Below are entries with pictures in them. Output exactly the lines starting at the line with "In the diary" and ending at the line with "The largest gap?", both included, but not the pictures.

* _Recorded information_
....
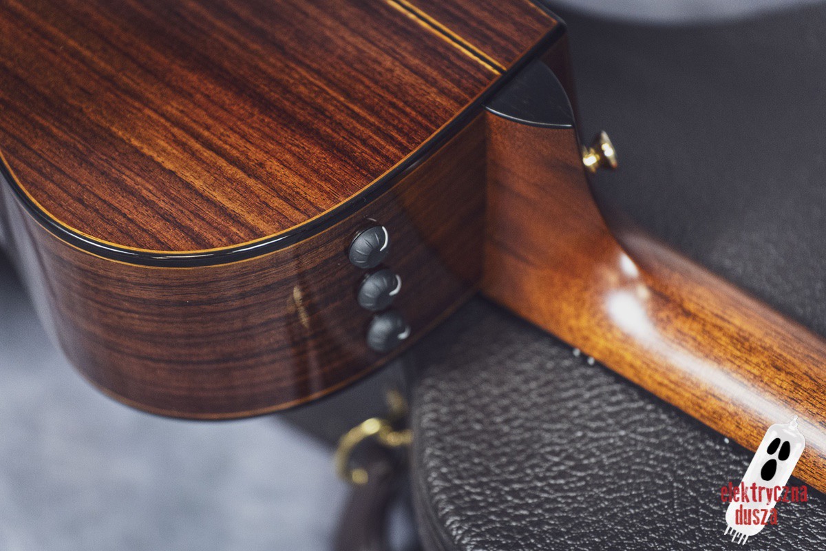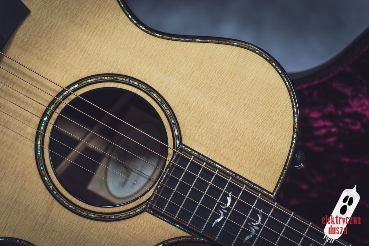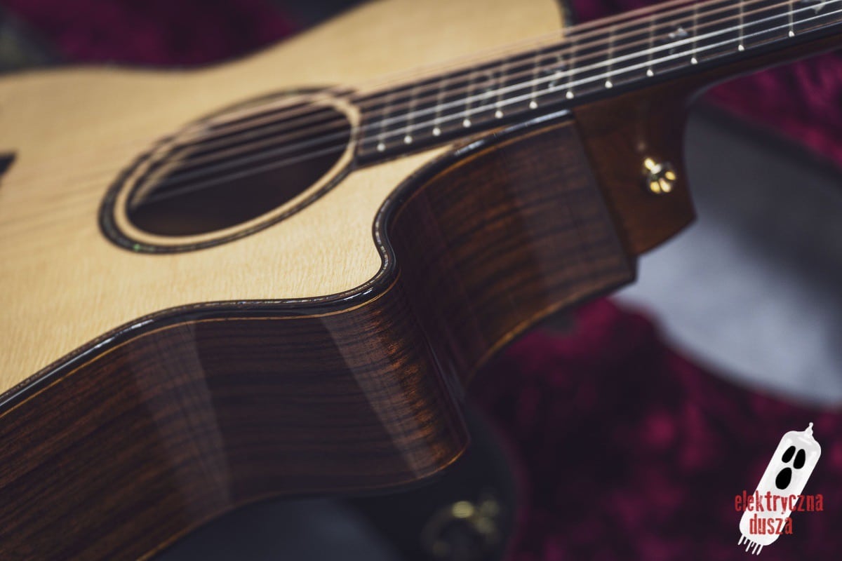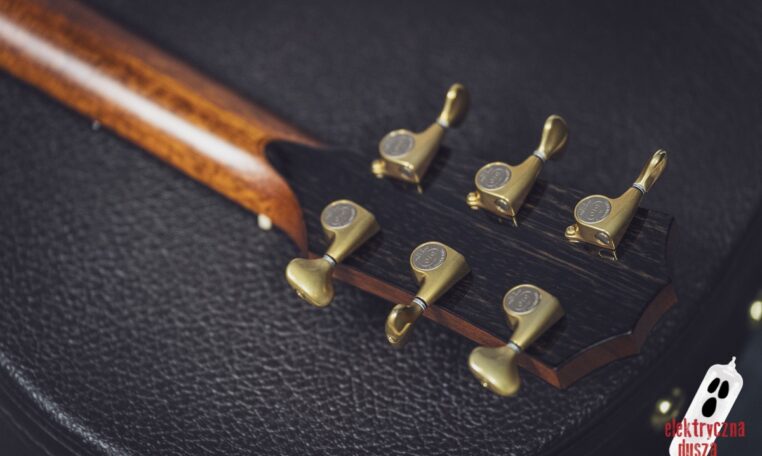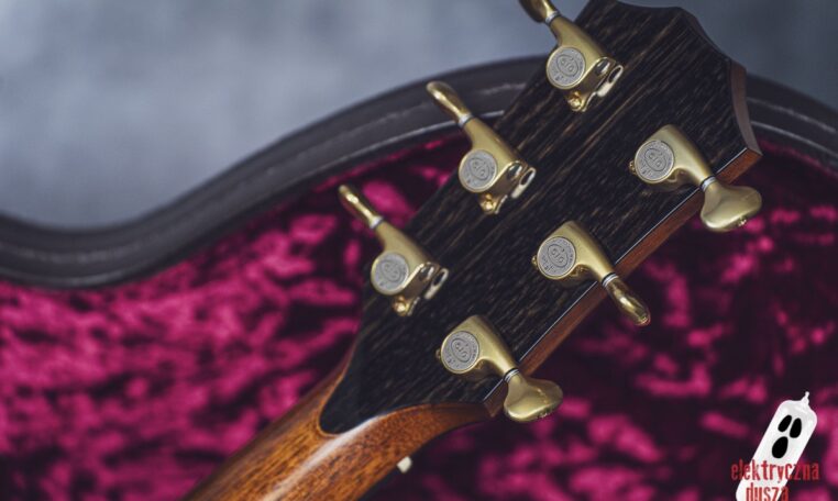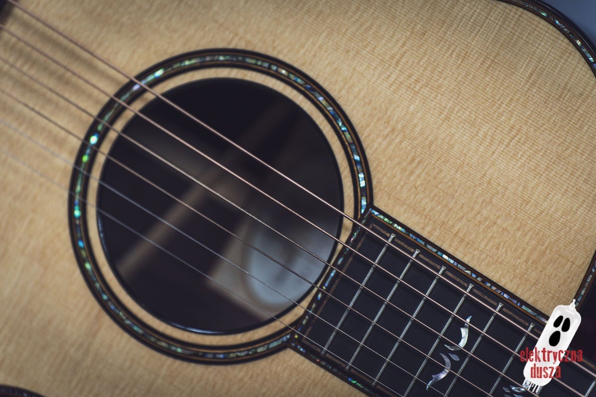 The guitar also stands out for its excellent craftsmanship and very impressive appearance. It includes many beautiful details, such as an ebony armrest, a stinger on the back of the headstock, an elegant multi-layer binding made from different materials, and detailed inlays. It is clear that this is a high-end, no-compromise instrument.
....
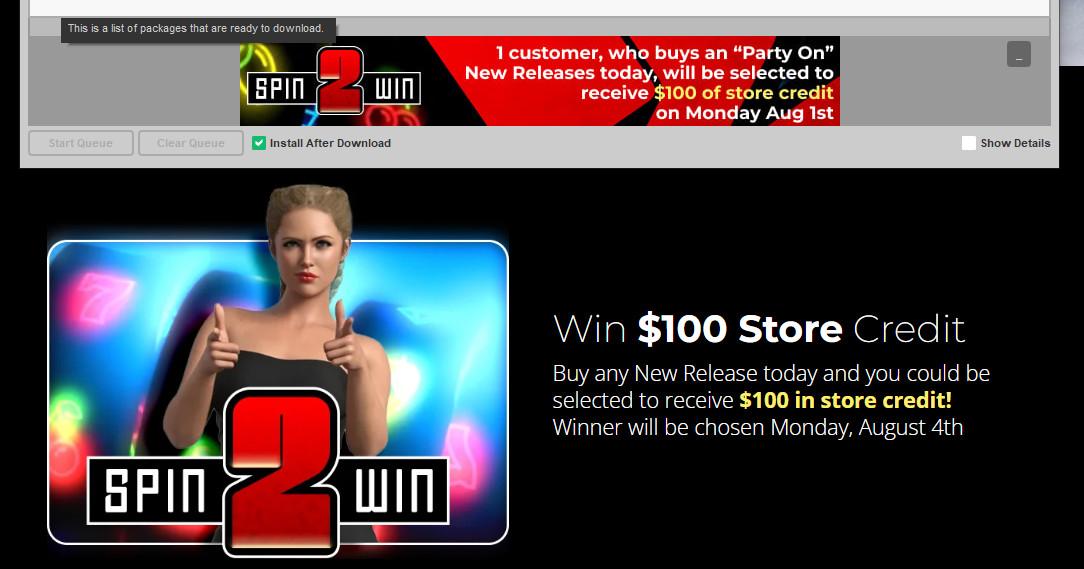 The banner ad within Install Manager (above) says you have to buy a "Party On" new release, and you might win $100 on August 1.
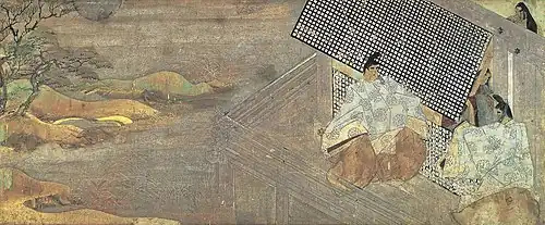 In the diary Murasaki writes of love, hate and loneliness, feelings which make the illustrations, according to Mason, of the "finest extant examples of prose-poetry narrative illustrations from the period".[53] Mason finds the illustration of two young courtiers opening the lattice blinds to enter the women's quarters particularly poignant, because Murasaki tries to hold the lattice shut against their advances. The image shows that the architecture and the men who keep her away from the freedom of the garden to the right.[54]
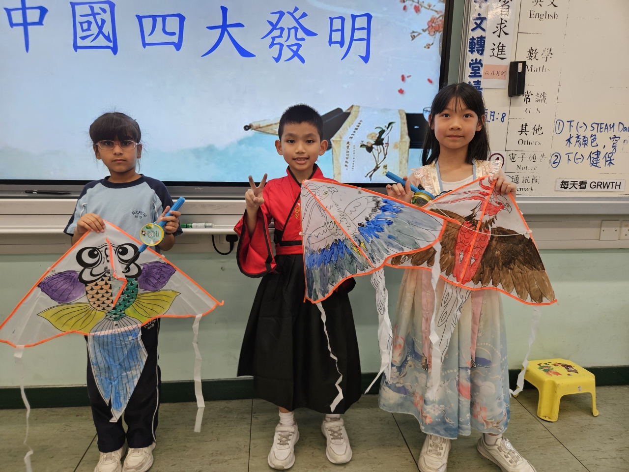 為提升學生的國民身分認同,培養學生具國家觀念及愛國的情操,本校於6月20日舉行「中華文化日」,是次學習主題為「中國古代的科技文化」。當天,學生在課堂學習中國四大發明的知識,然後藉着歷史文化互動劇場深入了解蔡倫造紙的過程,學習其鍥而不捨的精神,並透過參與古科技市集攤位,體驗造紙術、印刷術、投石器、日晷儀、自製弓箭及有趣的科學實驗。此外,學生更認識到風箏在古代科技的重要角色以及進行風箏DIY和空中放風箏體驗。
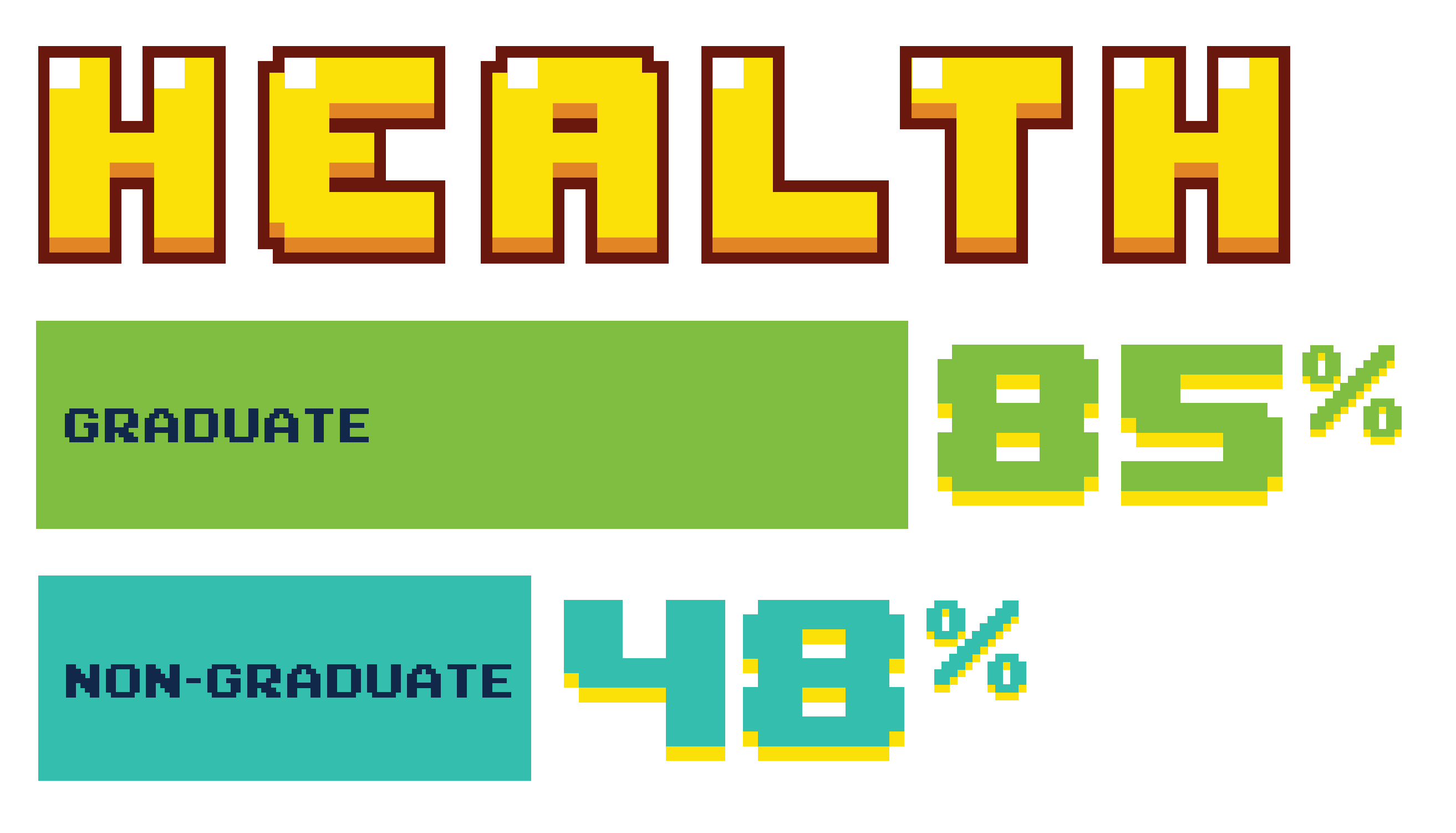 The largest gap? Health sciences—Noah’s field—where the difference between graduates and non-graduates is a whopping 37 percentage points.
....
* _Answer section_
 In the diary Murasaki writes of love, hate and loneliness, feelings which make the illustrations, according to Mason, of the "finest extant examples of prose-poetry narrative illustrations from the period".[53] Mason finds the illustration of two young courtiers opening the lattice blinds to enter the women's quarters particularly poignant, because Murasaki tries to hold the lattice shut against their advances. The image shows that the architecture and the men who keep her away from the freedom of the garden to the right.[54]
 為提升學生的國民身分認同,培養學生具國家觀念及愛國的情操,本校於6月20日舉行「中華文化日」,是次學習主題為「中國古代的科技文化」。當天,學生在課堂學習中國四大發明的知識,然後藉着歷史文化互動劇場深入了解蔡倫造紙的過程,學習其鍥而不捨的精神,並透過參與古科技市集攤位,體驗造紙術、印刷術、投石器、日晷儀、自製弓箭及有趣的科學實驗。此外,學生更認識到風箏在古代科技的重要角色以及進行風箏DIY和空中放風箏體驗。
 The largest gap? Health sciences—Noah’s field—where the difference between graduates and non-graduates is a whopping 37 percentage points.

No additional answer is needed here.